Escrevo esta Carta antes do ‘Midterm’, as eleições intercalares para as Câmaras dos EUA, eleições que podem marcar o final da democracia nos States, se os apaniguados do trumpa ganharem, um resultado que também arrastará consequências dramáticas para a Europa e o resto do mundo. 

Terão sido ontem, terça feira, mas ainda quero acreditar que o trumpa não se vai apresentar às eleições presidenciais em 2024 porque, como afirma o cronista John Carlin, neste sábado dia 6, ‘Si la panda de ignorantes, cínicos y lunáticos que cuentan con su apoyo triunfan el martes, se presentará seguro’.

(…)

Não há muito tempo, li uma crónica de um jornalista desencantado que partia de um mote, transformado numa afirmação cínica, ‘Já não existe política. Os partidos são agora como alimentação para crianças. Os sociais democratas são cúmplices no aumento dos cortes e taxas. Os comunistas viram-se reduzidos à antessala do nada’. Creio mesmo que este mote, esta afirmação quase demolidora, terá sido dada por um escritor desiludido com o ‘andar da carruagem’, que o cronista aproveitou para ‘cilindrar’ os políticos e a política, vista apenas como mera gestão do acontecido diariamente. 

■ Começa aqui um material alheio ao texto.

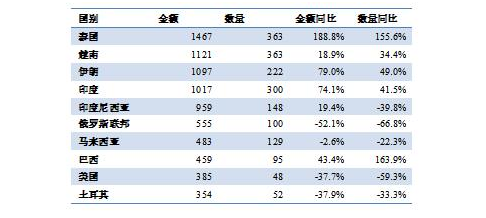 同比情况很好的解释了泰国成为当前中国挤出机出口大国的原因——无论是数量还是金额均有显著的增长。土地成本优势和优惠政策吸引了大量投资者在当地建厂,增加了当地市场对挤出机的需求。巴顿菲尔辛辛那提负责亚太区销售的集团副总裁冯骁曾表示,该公司佛山公司生产的设备在亚洲市场广受欢迎,其中包括泰国。
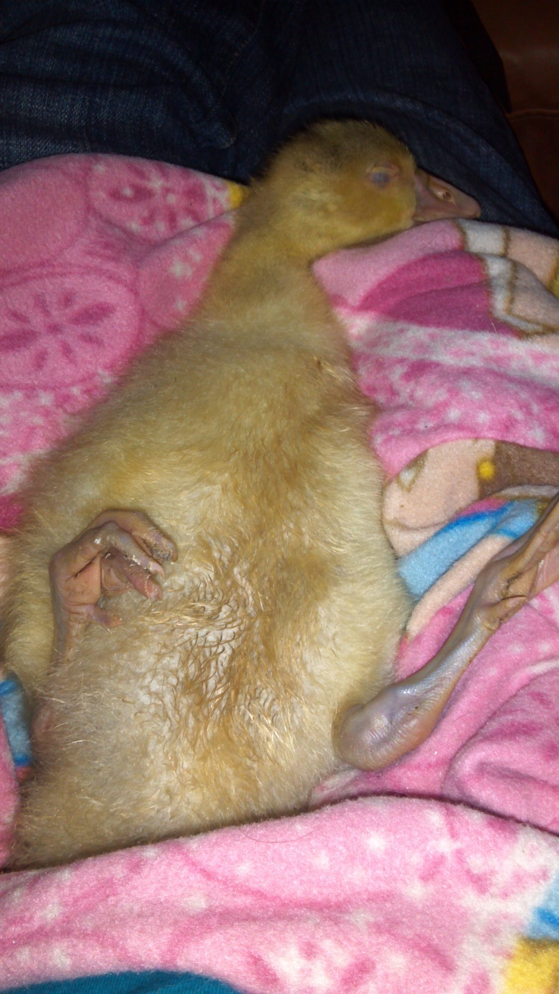 So far I am referring to her as a blue splash. Won't give a final color until she feathers completely though. The little white capped gander is one you chatted with me through helping hatch. Can't remember what nick name you gave him though.

Acontecido e a acontecer, como o avanço da tecnocracia, as mudanças nos meios de produção e a inerente mudança nas classes média e trabalhadora, as mais penalizadas por tais cortes e taxas, lado a lado com a relevância dada pelos media ao crescimento dos populismos, conservadorismos e outros valores autoritários, que quase fazem da esquerda um conceito remetido para as páginas dos livros de memórias e das fotos e preto e branco, a salientar a perda da sua valia política. 

Repare-se mesmo no mundo da cultura, aquele que poderia permanecer também como o campo onde crescem ideias, projectos e debates para se conseguir determinar e estabelecer caminhos futuros, com todas as limitações que os ‘poderes do mundo recortam e taxam’, por ser essa a função que se atribuíram para maior satisfação dos seus bancos, os únicos a celebrar tais corte e taxas, juntamente com os amigos e sócios das energéticas e matérias primas. 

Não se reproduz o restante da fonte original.